Philp has her hopes set on a trip to the park along the Clinton River, just outside Rochester Hills. To family members reading: She wants a picnic, with chicken and her homemade potato salad — with a little Dijon mustard mixed in with the mayo and that special ingredient.
“I like thinly sliced radishes in my potato salad, which few people do, but it really gives it a little pizzazz,” she said.
Sandy Comitini, 64, is eager to see her mother, Connelly, return to her “partying” ways. She’s been calling Connelly “20 times a day,” to the point her mother sometimes takes the phone off the hook.
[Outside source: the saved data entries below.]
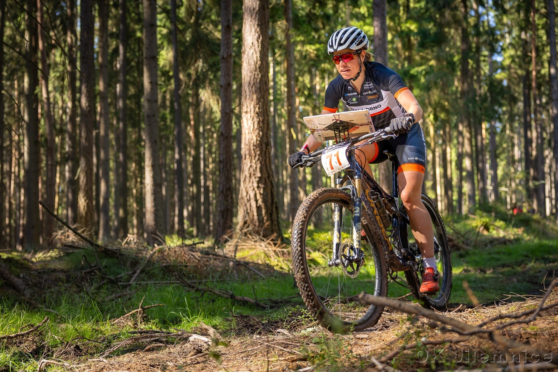 Nedělní závod začal pro všechny poměrně zostra. Osm kilometrů na start není úplně běžná vzdálenost a mnozí tak měli cestu ke koridorům delší než pak samotný závod. Aly byla to před middlem docela pěkná slunečná rozcvička. Rozdýchání a pořádné okysličení mozku přišlo vhod hned po startu. Většinu kategorií totiž stavitel poslal za prvními kontrolami do míst, která se jako cesty tvářila jen v mapě. Realita zejména pro první startující vypadala spíše jako průjezdy hustým borůvčím a cesty ve stometrových pruzích mechu viděl jen málokdo. Čím blíže k Mostku, tím nabíraly cesty zřetelnějších kontur a z problému "najdi cestu" se stal problém "nepřejeď odbočku". Oblastí s řadou podobných paralelních cest bylo v mapě více a chybám se na nich nevyhnuli ani ti nejlepší. Na závěr pak byl pro závodníky přichystán průjezd obcí velmi podobný tomu, který absolvovali elitní závodníci v rámci loňského mistrovství světa. Na domnělou "znalost" terénu v závěru pak mnozí doplatili ve finiši diskvalifikací, když to sypali na sběrku mimo cestu, o tom se ještě zmíníme později.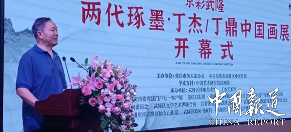 隨后,俞貴麟、羅平飛、楊士秋、何事忠、宋愛榮、何慶、王頻、王岳、陳勁、魏東等嘉賓上臺,按動啟動球,宣布“京彩武隆·兩代琢墨”——丁杰/丁鼎中國畫展隆重開展。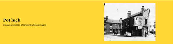 As you scroll down the page you pass through different blocks of colour, the first block is yellow and home to Pot Luck which replaces the old ‘Top 50’. Before this section brought you the top 50 most viewed photographs on the site, however this section didn’t change all that much and was dominated by city centre photographs. Now who knows what you’ll find as it’s completely random, allowing those lesser, or never before viewed photographs their moment in the spotlight. A word of warning though, if you click to view a photograph and then want to go back, your Pot Luck page will reload with a whole new set of photographs, our advice is to right click on the photograph you wish to view, and open it in a new tab instead.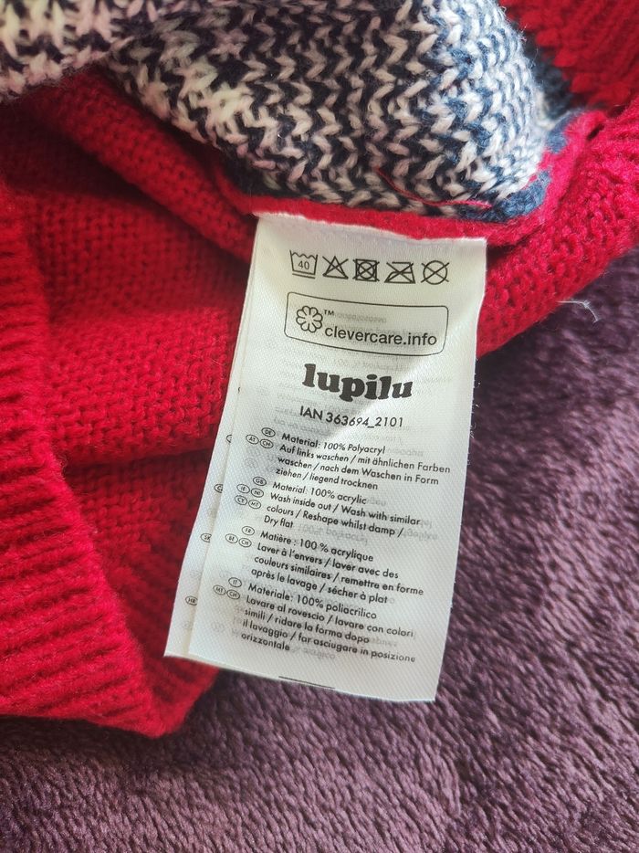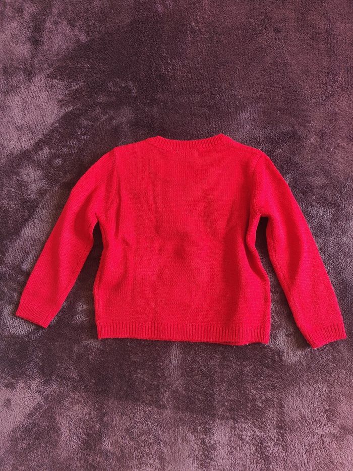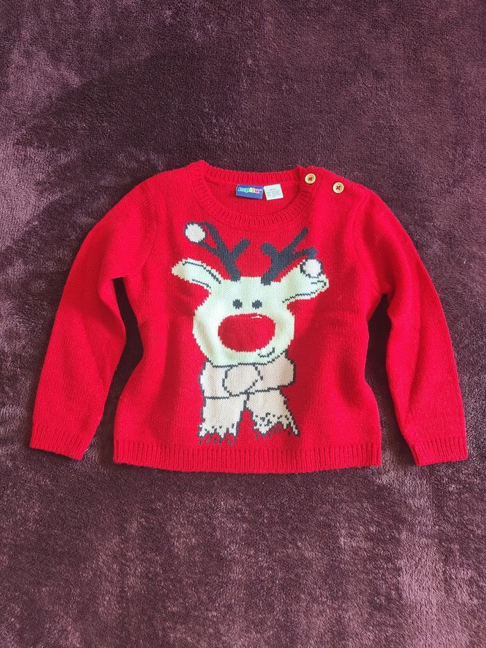 Pull de la marque Lupilu. Manches longues, col rond avec petits boutons. Couleur rouge avec dessin d'un mignon renne. Parfait pour célébrer les fêtes de fin d'année ! 🎄 Taille 12-24 mois. Très bon état à part que le nez rouge du renne pouvait s'allumer mais les piles ne doivent plus fonctionner. 100% Acrylique.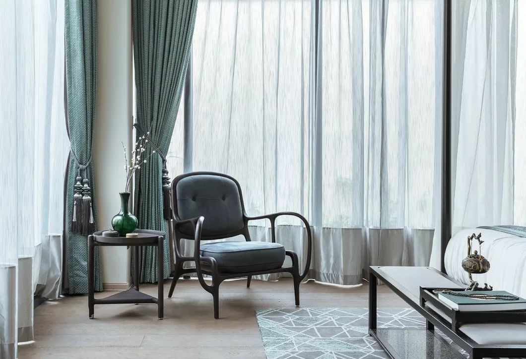 少去了繁复的雕刻花纹,融入线条的写意,让整个空间带有一种中式的美感,融入天圆地方的概念,以一种特别的方式展现出独有的干净利落。空间中运用蓝+绿对比色调,富有层次感,能带来冲击性的视觉效果,令人印象深刻。

“I need a nap. I’m 92,” her mom quipped.
Connelly has battled loneliness by playing solitaire, perusing Facebook, reading mystery novels and crocheting a blanket for her great-grandson — but her family is what she craves most.
They’re already planning the first shindig: They’ll either book the party room downstairs at the Old Bridge facility or, if it’s warm out, they’ll head to Comitini’s brother’s backyard pool.
“We’ll have the freedom to do what we took for granted,” the daughter said.
Asked how she’ll make sure she never takes such moments for granted again, Comitini paused a beat before answering, “Enjoy every moment. Dance in the rain.”